Images are especially important. I've often seen images attached to headlines that have absolutely nothing to do with the article itself, but it got you to click, didn't it? Start asking yourself what the image is designed to accomplish. Notice how articles designed to discredit Trump will use one of the most unflattering pictures ever. They'll use a picture of Trump mid-sneeze, or a picture of his comb-over blowing in the wind. They're really pouring it on thick, aren't they? Look at how the media uses a black suspect's 8-year-old mugshot in the article as if we aren't living in the age of social media and they couldn't have just snagged a selfie off of his facebook page.

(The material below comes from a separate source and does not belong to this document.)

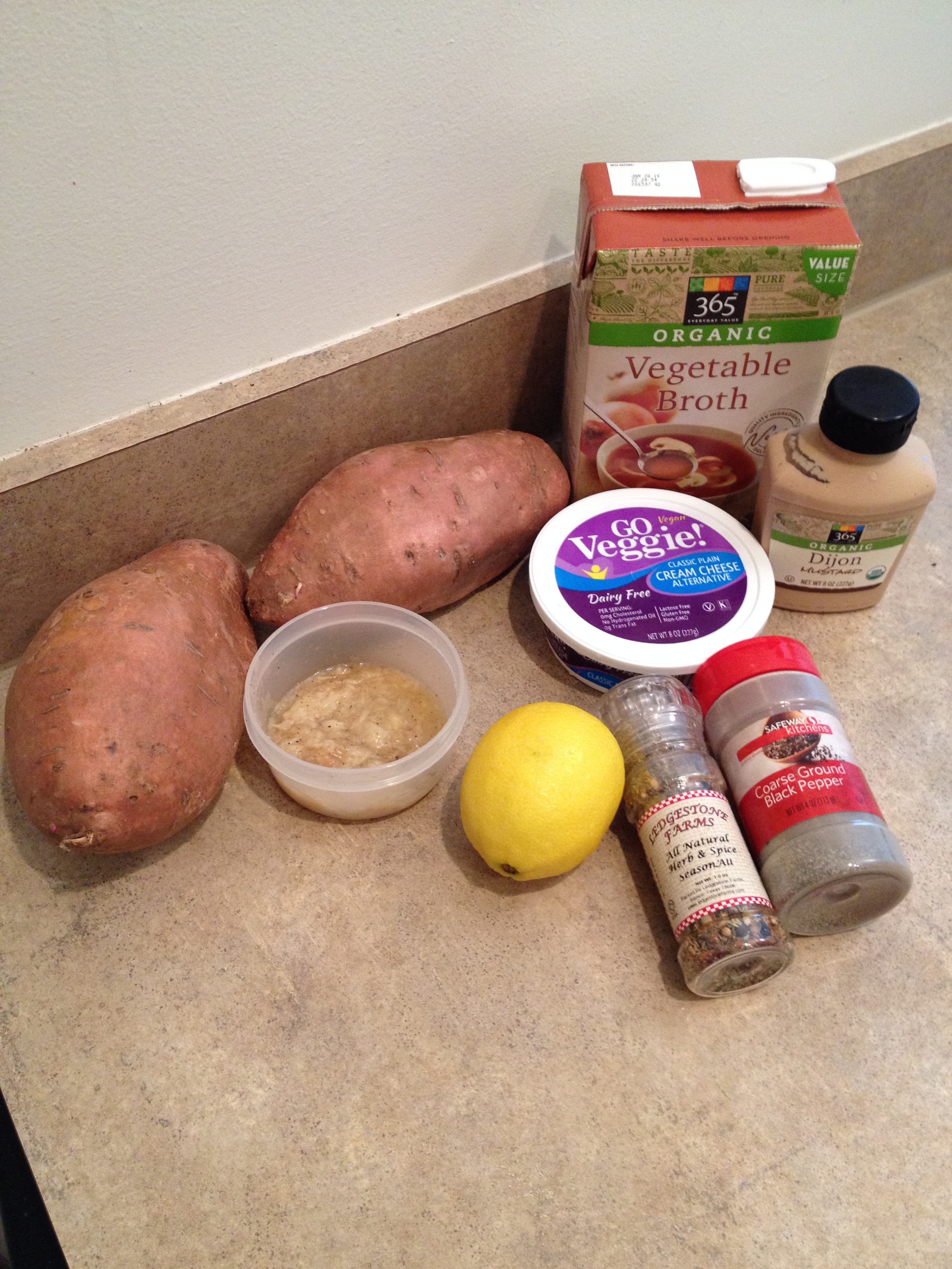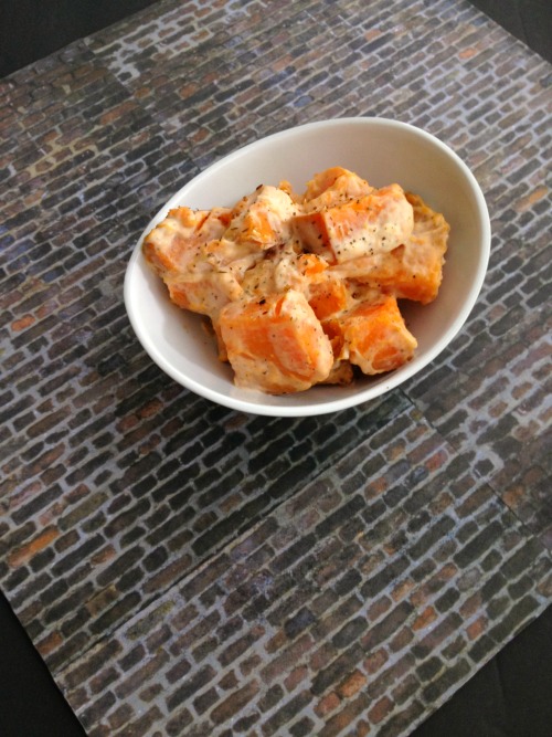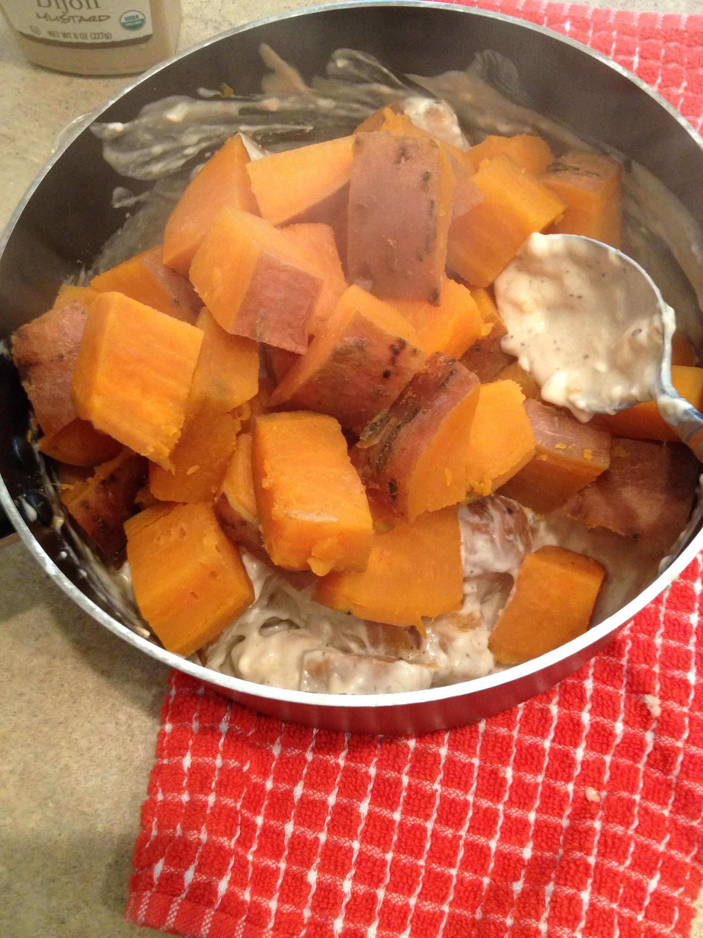 You can’t have a bar-b-que without potato salad right? My mom makes the best potato salad and it is her go-to potluck dish. It is loaded with white potatoes and mayonnaise. But since I don’t like the taste of vegan mayo I decided to just go ahead and make a different type of salad, one with sweet potatoes and a tangy cream cheese sauce. I unfortunately don’t have a potato peeler so my potatoes didn’t get peeled, but I would recommend peeling the potatoes before chopping them into small like-size pieces. Also, a few weeks ago I had roasted a few bulbs of garlic and froze them – just roasted them like normal then squeezed the garlic into a small plastic container and used a fork to mash it up then tossed it into the freezer. Perfect for this salad! Start by washing and peeling your potatoes then chop into smallish pieces and boiling until just fork-tender. Drain the potatoes and leave in the strainer. In the hot pot dump in the sauce ingredients and mix then dump in the potatoes. Mix until combined. Enjoy this salad hot or warm. It is good cold, but awesome hot!

I remember the time the O.J. Simpson verdict was read on live TV on a major news program in 1995. I don't recall the station, but as I watched the verdict being read, I noticed something peculiar. At the very moment the verdict was announced, the news feed cut to a split-screen with a room filled with young white college-aged students on the left and young black, high school-aged students on the right. As the not guilty verdict was read, the white kids on the left side of the screen reacted in shock and disbelief, while the black students immediately began cheering with glee. I spent maybe 2 seconds thinking about how black and white people had such different reactions to the same event, but what really puzzled me was something else. With my limited knowledge as an 18-year-old in pre-internet 1995, I was astonished by the fact that someone must have consciously engineered this split-screen fiasco. In order for these visuals to have been broadcast live, there must've been 2 separate camera crews in two different locations simultaneously. I had watched enough TV at that time to have been vaguely familiar with the "how", but what puzzled me was the "why." Why did they think it was important to show two different reactions from 2 different racial groups? In that moment, I learned a lot about the racial divide in our country, but I also learned a lot about the news media and how it contributes to the racial divide in our country. Although perhaps inadvertently, it contributes to the problem nonetheless.
We've been conditioned, as a society, to get our most vital information from these trusted news sources. Therefore, we blindly trust those news sources to provide us with factual, non-biased information. Many a time, I've heard a friend say, "you know, so & so did such & such." When I inquire as to where they obtained such information, they say to me, " It was on the news." I think it's time we rethink this attitude.
It is certainly not my aim to tell you what to think. All I ask is that you think for yourself.